**Record excerpts:**
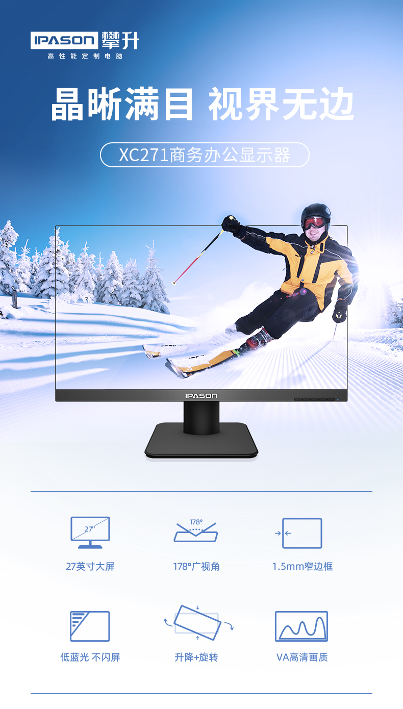 攀升/IPASON XC271 27英寸顯示器+可升降、旋轉(zhuǎn)+178度可視角度+HDMI*1 VGA*1 Audio*1+標配HDMI高清數(shù)據(jù)線+3年服務
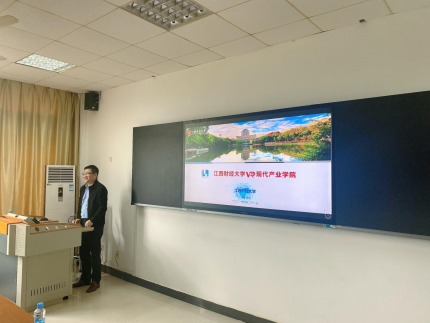活动进入到第二个议程,由教务处处长廖国琼对江西财经大学VR现代产业学院进行介绍。廖国琼处长通过建设背景、必要性和可行性、江财方案、保障条件四个方面进行切入,为到场的天美工作室工作人员进行了详细的介绍,并对学院的目标进行了阐述:“打造VR教育生态圈,为学院发展营造良好发展环境”。通过“会”——VR教育大会、“展”——VR教育展览会”、“奖”——VR艺术作品大奖、“赛”——VR创新创业大赛四方面为主线展开,为设计与艺术学院VR现代产业学院发展注入强大动力。在会议结束后,廖国琼与天美工作人员参观设计与艺术学院四个方向的工作室并与工作室的学生们进行了深入交流,为他们现阶段的问题答疑解惑,为加强校企合作助力。
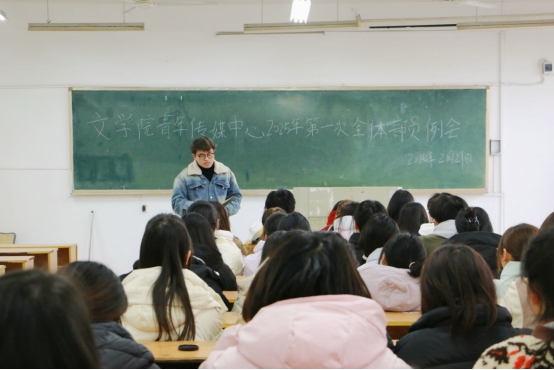 为促进新学期工作顺利开展,推动工作高效协同推进,2月21日上午,文学院青年传媒中心在西湖校区三区教学A楼212教室召开2025年春季学期第一次全体例会,青年传媒中心各负责人及全体部员共同参加此次例会。
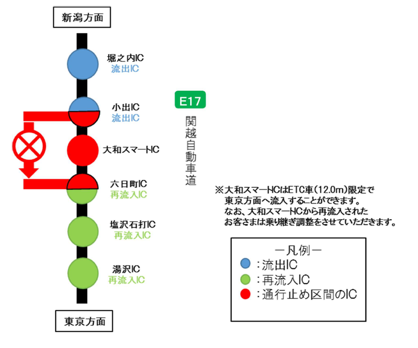 NEXCO東日本新潟支社(新潟市中央区)が管理する、キャプチャ3.PNG関越自動車道 小出(こいで)インターチェンジ(以下「IC」)~六日町(むいかまち)IC間(上り線)におきまして、災害通行止めを実施しています。国道17号等での迂回をお願いします。
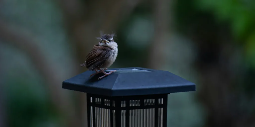 A fledgling is a bird that has left the nest intentionally. It’s covered in real feathers — it might look a little scraggly with a stubby tail and some fluffy patches still showing, but it’s feathered. It can hop. It can grip a branch with its feet. It probably looks at you with bright, alert eyes. It might even try to hop away from you.
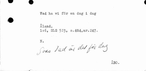 //// Vad ha vi for en dag i dag //// Iland, //// 1:6, SLS 523, s.484,nr.247- //// N. //// ÅBO. ////
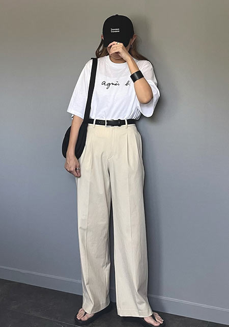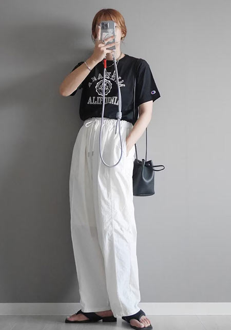 Tシャツって差が出にくいアイテムだからこそ、“ボトムで変化をつける”のがオシャレに見えるコツです。
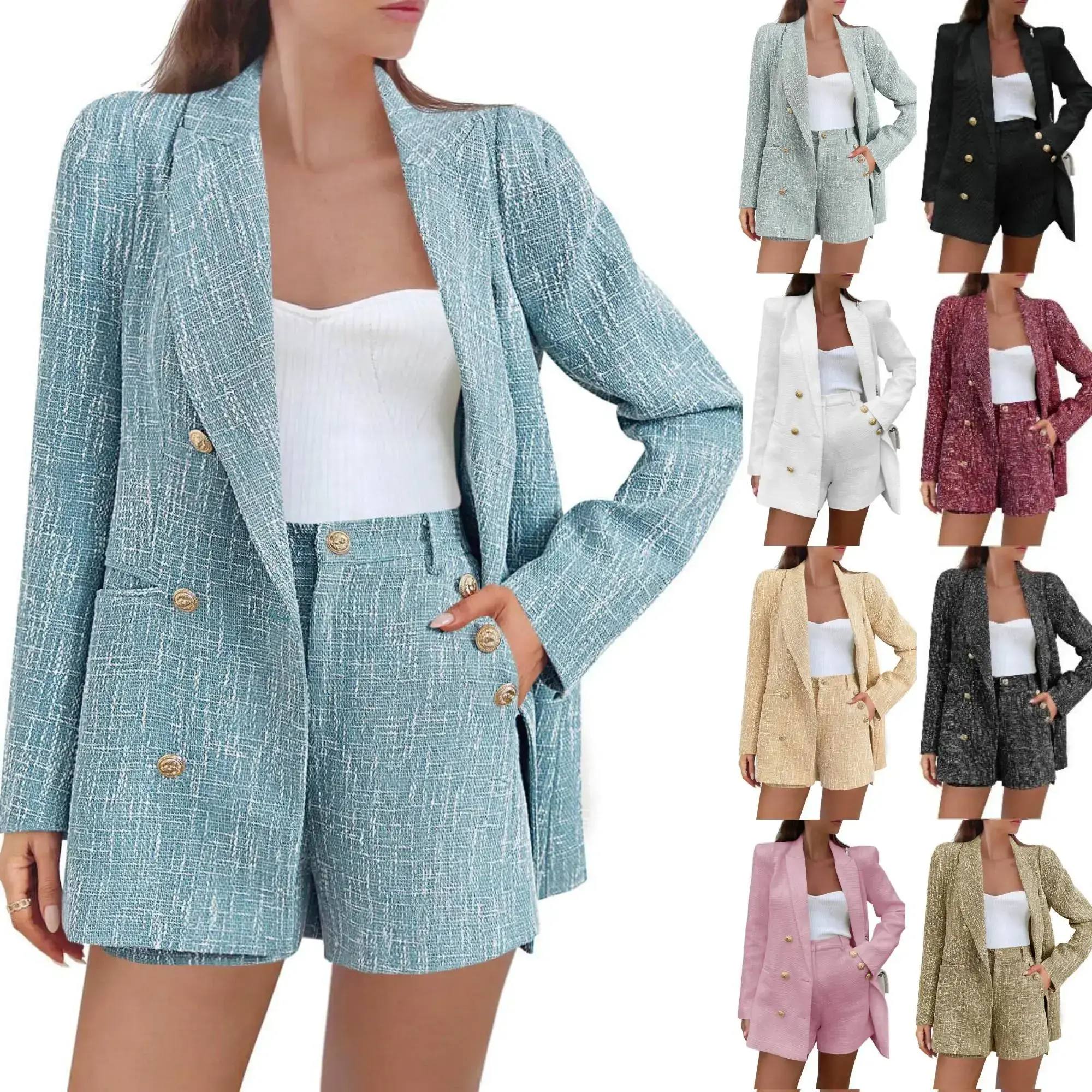 Women's two-piece coarse wool top shorts set long sleeved double breasted suit jacket suit fabric formal wear
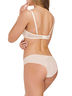 Трусы-бразилиана со средней линией талии. На передней детали симметричные фигурные вставки из мягкого кружева. Задняя деталь из эластичной сетки в подворот. Декор - сатиновый бантик.
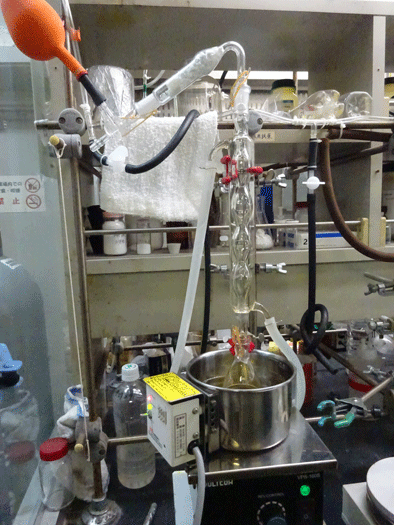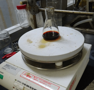 ホットマグネチックスターラーで加熱して反応を行っています。このように、溶媒を多少加熱濃縮してもドラフトチャンバー内なので大丈夫です。
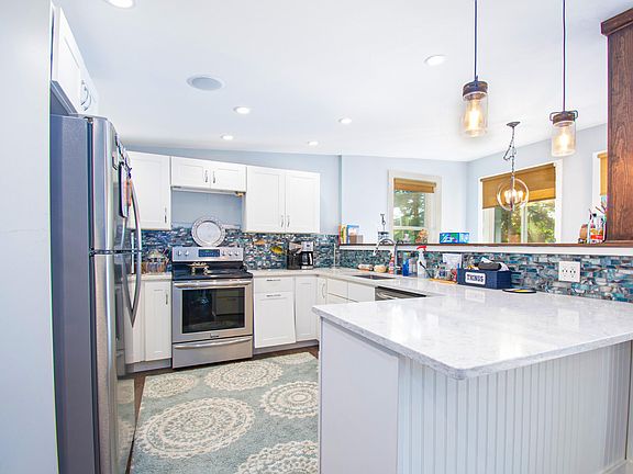 Indulge in culinary creations in the kitchen, where new interior flooring sets the stage. Custom cabinetry adorned with quartz countertops and a mosaic glass tile backsplash exude sophistication. A built-in banquette seating adds a touch of intimate charm, while the first-level bathroom features a walk-in tiled shower for an indulgent spa-like experience. Descend to the lower level to discover yet another thoughtfully designed bathroom. Stay cozy year-round with two brand new Heat pumps and a selection of electrical heating units.
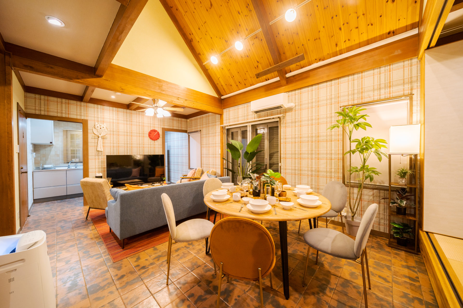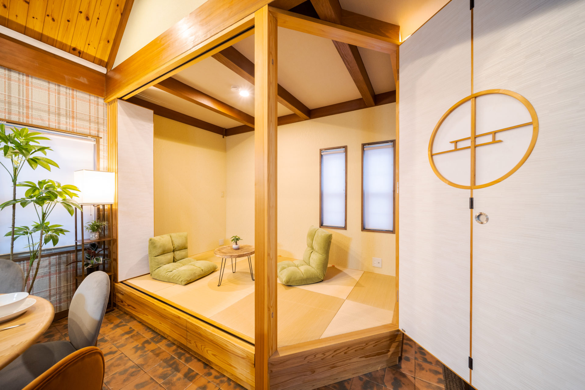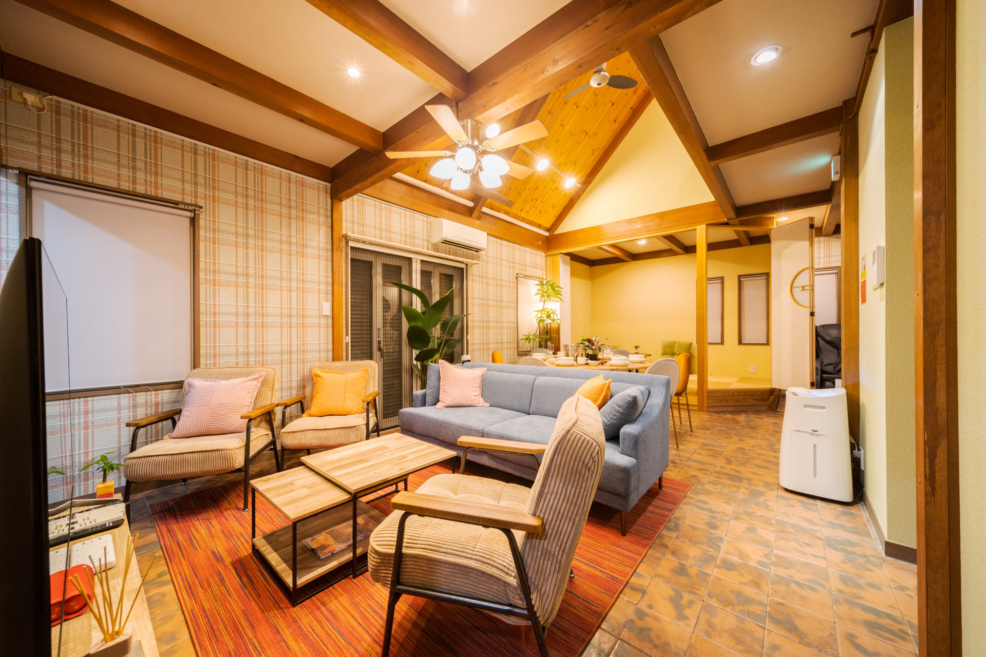 広々としたリビングには65インチの大型テレビやマッサージチェアを設置。リラックスできる和室スペースも魅力です。

**Task goal:** Could you set down verbatim the lines from the beginning of the entries above through the line containing "NEXCO東日本新潟支社(新", both included, leaving out the pictures?

**Result of this task:**
 攀升/IPASON XC271 27英寸顯示器+可升降、旋轉(zhuǎn)+178度可視角度+HDMI*1 VGA*1 Audio*1+標配HDMI高清數(shù)據(jù)線+3年服務
活动进入到第二个议程,由教务处处长廖国琼对江西财经大学VR现代产业学院进行介绍。廖国琼处长通过建设背景、必要性和可行性、江财方案、保障条件四个方面进行切入,为到场的天美工作室工作人员进行了详细的介绍,并对学院的目标进行了阐述:“打造VR教育生态圈,为学院发展营造良好发展环境”。通过“会”——VR教育大会、“展”——VR教育展览会”、“奖”——VR艺术作品大奖、“赛”——VR创新创业大赛四方面为主线展开,为设计与艺术学院VR现代产业学院发展注入强大动力。在会议结束后,廖国琼与天美工作人员参观设计与艺术学院四个方向的工作室并与工作室的学生们进行了深入交流,为他们现阶段的问题答疑解惑,为加强校企合作助力。
 为促进新学期工作顺利开展,推动工作高效协同推进,2月21日上午,文学院青年传媒中心在西湖校区三区教学A楼212教室召开2025年春季学期第一次全体例会,青年传媒中心各负责人及全体部员共同参加此次例会。
 NEXCO東日本新潟支社(新潟市中央区)が管理する、キャプチャ3.PNG関越自動車道 小出(こいで)インターチェンジ(以下「IC」)~六日町(むいかまち)IC間(上り線)におきまして、災害通行止めを実施しています。国道17号等での迂回をお願いします。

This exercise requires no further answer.